START Recorded information
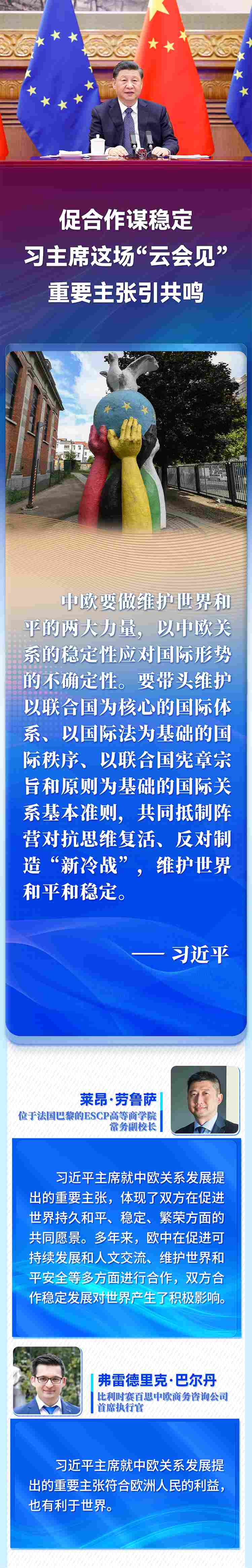 國(guó)家主席習(xí)近平4月1日晚在北京以視頻方式會(huì)見歐洲理事會(huì)主席米歇爾和歐盟委員會(huì)主席馮德萊恩。歐洲多國(guó)人士高度評(píng)價(jià)習(xí)近平主席就中歐關(guān)系、烏克蘭危機(jī)等問題提出的重要主張,認(rèn)為會(huì)晤為雙方關(guān)系持續(xù)健康發(fā)展作出戰(zhàn)略引領(lǐng),為復(fù)雜動(dòng)蕩的國(guó)際局勢(shì)注入穩(wěn)定性。
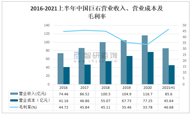 2016-2021上半年中國巨石營業收入、營業成本及毛利率
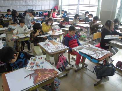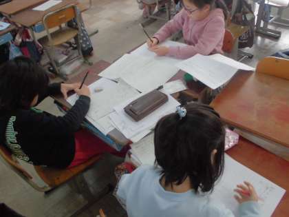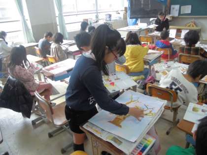3年生の教室をのぞくと、図画の時間でした。「木」を描いているのですが、枝のつき方など、うまくとらえているなあと感心しました。低学年のころとは違った絵画になってきますね。
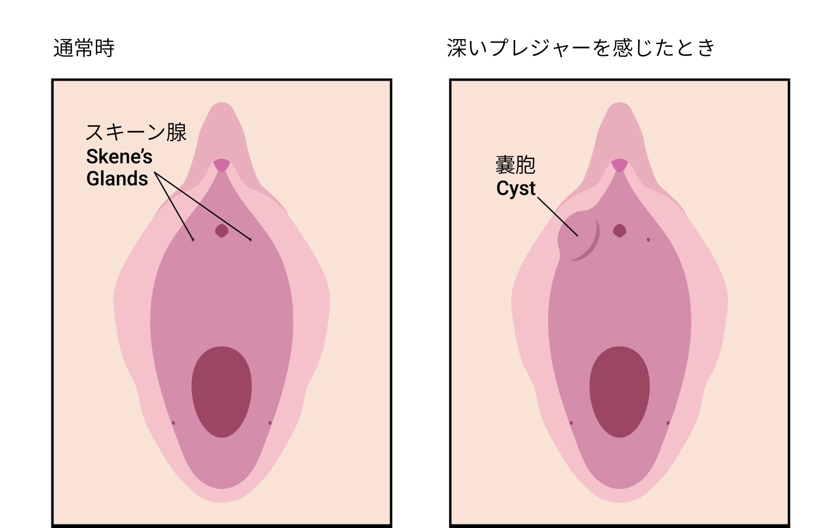 膣とクリトリスの両方が同時に刺激されるため、オーガズムの時の痙攣が深く、膣の中も深く脈打ち、またスキーン腺による射精に似たような反応もあります。スキーン腺による射精に似た症状は、Gスポットが刺激され、尿道両側のスキーン腺も同時に刺激されることで起こるもので、日本の暴力的なポルノなどで女性器を無理矢理刺激し放尿させることを「潮吹き」と呼んでるような類のものではありません。そもそも尿ではありません。
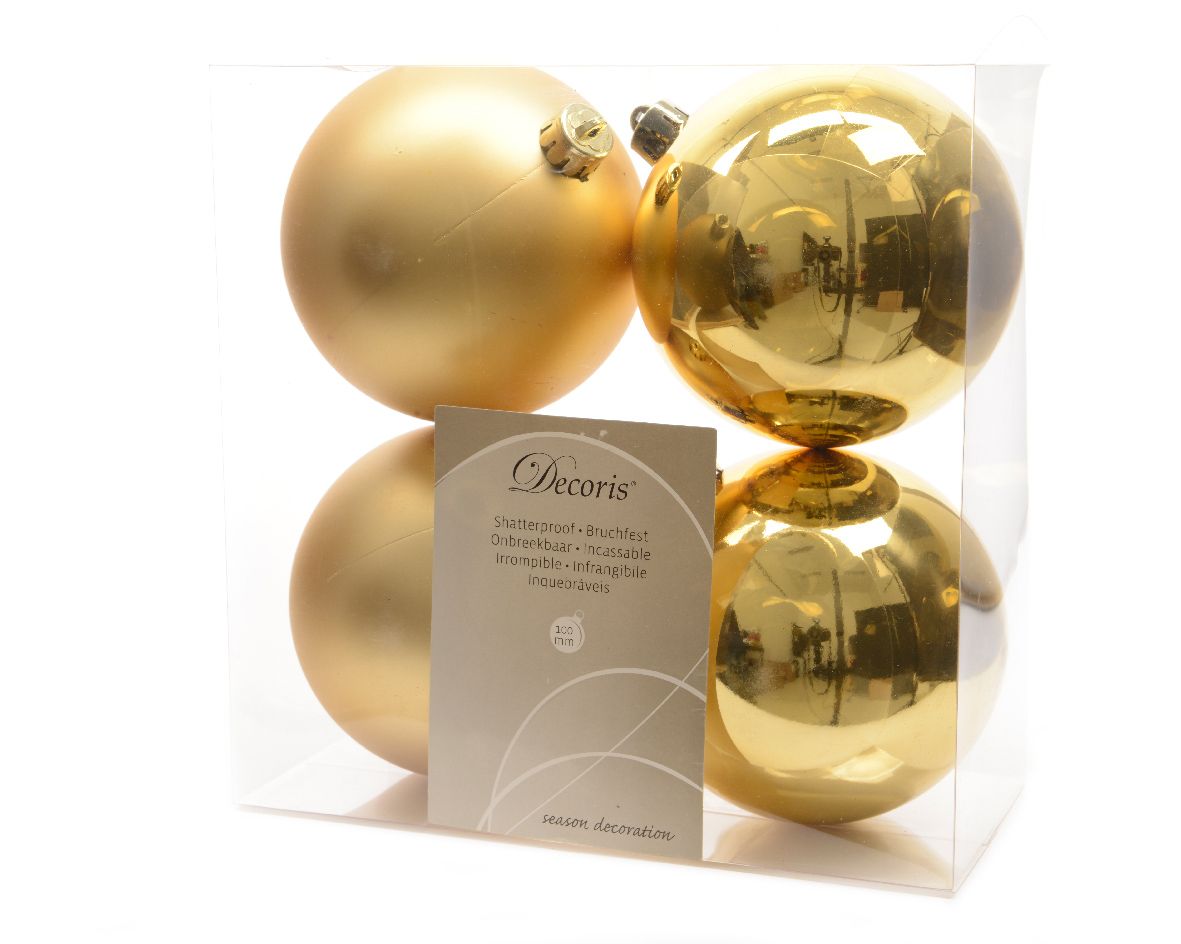 Kerstbal PLC Lichtgoud 10cm set 4 stuks - Mat/Glanzend
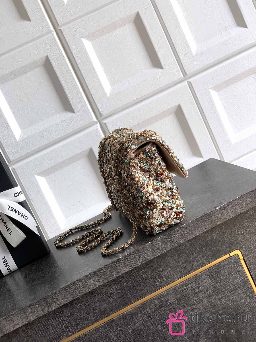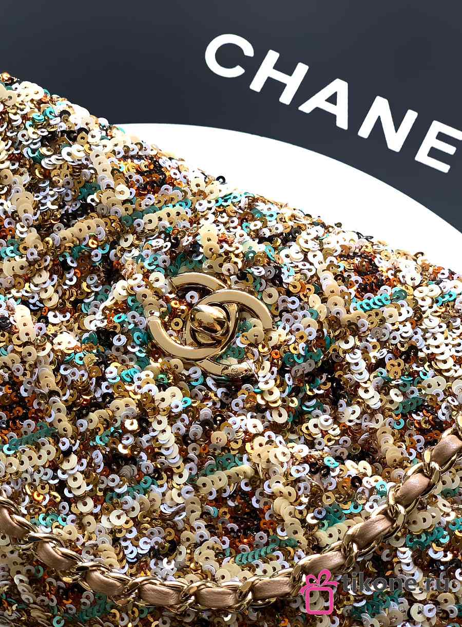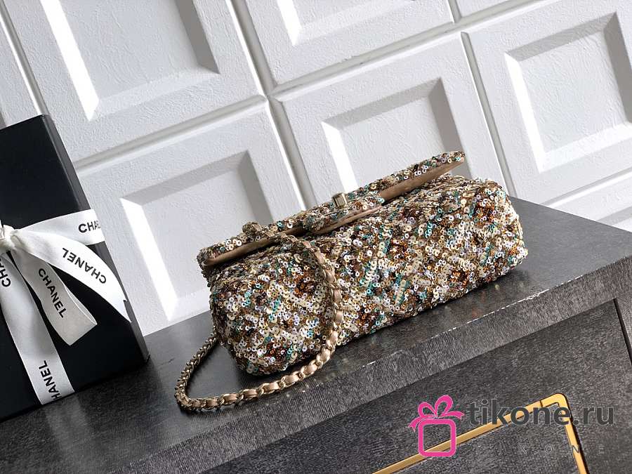 Chanel Flap Bag Sequins & Gold Tone Metal Beige & Multicolour - 21x13x8cm
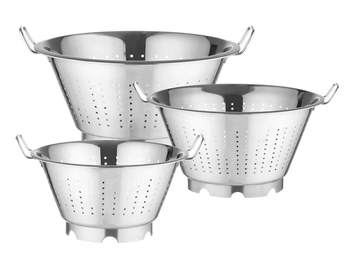 Der Hendi Seiher aus der Profi Line Serie ist aus hochwertigem Edelstahl gefertigt und für den intensiven Einsatz in Gastronomie und Großküche konzipiert. Er ist ideal geeignet zum Abseihen von Nudeln, Gemüse oder Salaten. Der stabile Untersatz sorgt für sicheren Stand, während die beiden genieteten Griffe eine komfortable Handhabung gewährleisten. Die starke Konstruktion macht den Seiher besonders robust und langlebig. Spülmaschinengeeignet und hygienisch zu reinigen.
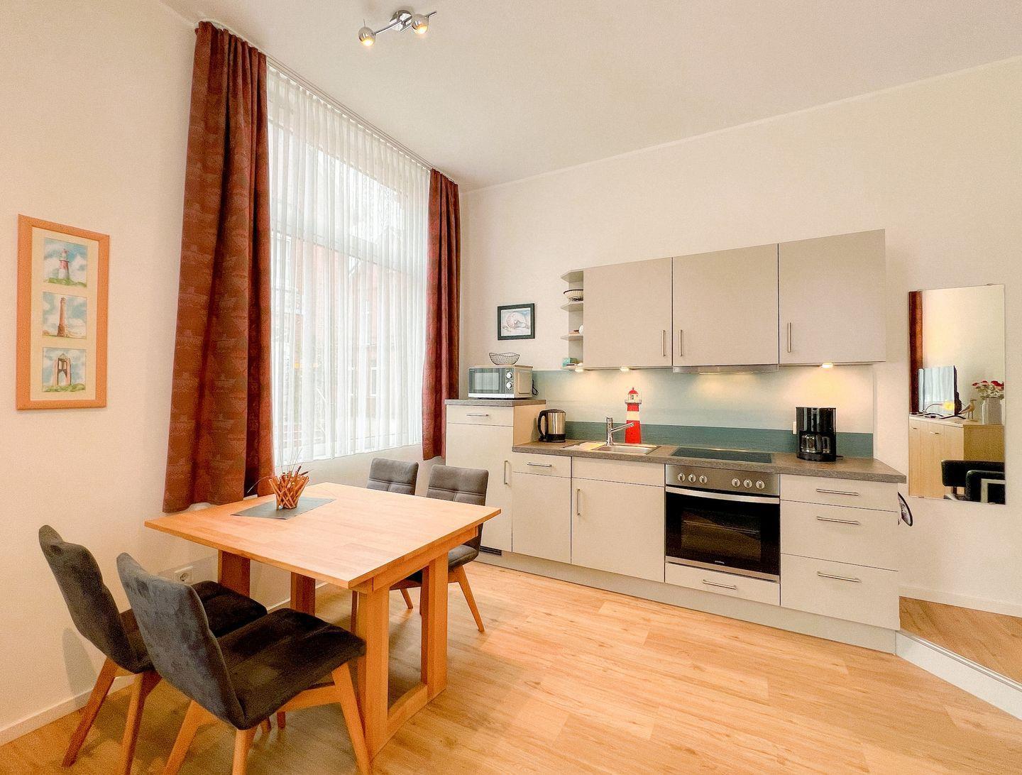 Willkommen in unserer hellen und modernen Ferienwohnung 2, die einst der Verkaufsraum der Bäckerei Juist war. Auf 38 qm bietet diese Wohnung alles, was Sie für einen komfortablen Aufenthalt benötigen. Die Wohnung ist hell und einladend mit großen Fenstern, die den Raum mit natürlichem Licht durchfluten. Sie verfügt über eine gut ausgestattete Wohnküche und ein modernes funktionales Duschbad. Im Schlafzimmer finden Sie ein hochwertiges Boxspringbett. Für zusätzliche Flexibilität sorgt das moderne Schrankbett im Wohnzimmer, das auf Wunsch getrenntes Schlafen ermöglicht. Zur Unterhaltung stehen Ihnen kostenfreies WLAN und Smart-TV zur Verfügung. Haustier- und rauchfrei garantiert sie allen Gästen einen angenehmen Aufenthalt.
END Recorded information
#### Problem to work on
Print the entries above exactly, leaving pictures out.

#### Written solution
 國(guó)家主席習(xí)近平4月1日晚在北京以視頻方式會(huì)見歐洲理事會(huì)主席米歇爾和歐盟委員會(huì)主席馮德萊恩。歐洲多國(guó)人士高度評(píng)價(jià)習(xí)近平主席就中歐關(guān)系、烏克蘭危機(jī)等問題提出的重要主張,認(rèn)為會(huì)晤為雙方關(guān)系持續(xù)健康發(fā)展作出戰(zhàn)略引領(lǐng),為復(fù)雜動(dòng)蕩的國(guó)際局勢(shì)注入穩(wěn)定性。
 2016-2021上半年中國巨石營業收入、營業成本及毛利率
3年生の教室をのぞくと、図画の時間でした。「木」を描いているのですが、枝のつき方など、うまくとらえているなあと感心しました。低学年のころとは違った絵画になってきますね。
 膣とクリトリスの両方が同時に刺激されるため、オーガズムの時の痙攣が深く、膣の中も深く脈打ち、またスキーン腺による射精に似たような反応もあります。スキーン腺による射精に似た症状は、Gスポットが刺激され、尿道両側のスキーン腺も同時に刺激されることで起こるもので、日本の暴力的なポルノなどで女性器を無理矢理刺激し放尿させることを「潮吹き」と呼んでるような類のものではありません。そもそも尿ではありません。
 Kerstbal PLC Lichtgoud 10cm set 4 stuks - Mat/Glanzend
 Chanel Flap Bag Sequins & Gold Tone Metal Beige & Multicolour - 21x13x8cm
 Der Hendi Seiher aus der Profi Line Serie ist aus hochwertigem Edelstahl gefertigt und für den intensiven Einsatz in Gastronomie und Großküche konzipiert. Er ist ideal geeignet zum Abseihen von Nudeln, Gemüse oder Salaten. Der stabile Untersatz sorgt für sicheren Stand, während die beiden genieteten Griffe eine komfortable Handhabung gewährleisten. Die starke Konstruktion macht den Seiher besonders robust und langlebig. Spülmaschinengeeignet und hygienisch zu reinigen.
 Willkommen in unserer hellen und modernen Ferienwohnung 2, die einst der Verkaufsraum der Bäckerei Juist war. Auf 38 qm bietet diese Wohnung alles, was Sie für einen komfortablen Aufenthalt benötigen. Die Wohnung ist hell und einladend mit großen Fenstern, die den Raum mit natürlichem Licht durchfluten. Sie verfügt über eine gut ausgestattete Wohnküche und ein modernes funktionales Duschbad. Im Schlafzimmer finden Sie ein hochwertiges Boxspringbett. Für zusätzliche Flexibilität sorgt das moderne Schrankbett im Wohnzimmer, das auf Wunsch getrenntes Schlafen ermöglicht. Zur Unterhaltung stehen Ihnen kostenfreies WLAN und Smart-TV zur Verfügung. Haustier- und rauchfrei garantiert sie allen Gästen einen angenehmen Aufenthalt.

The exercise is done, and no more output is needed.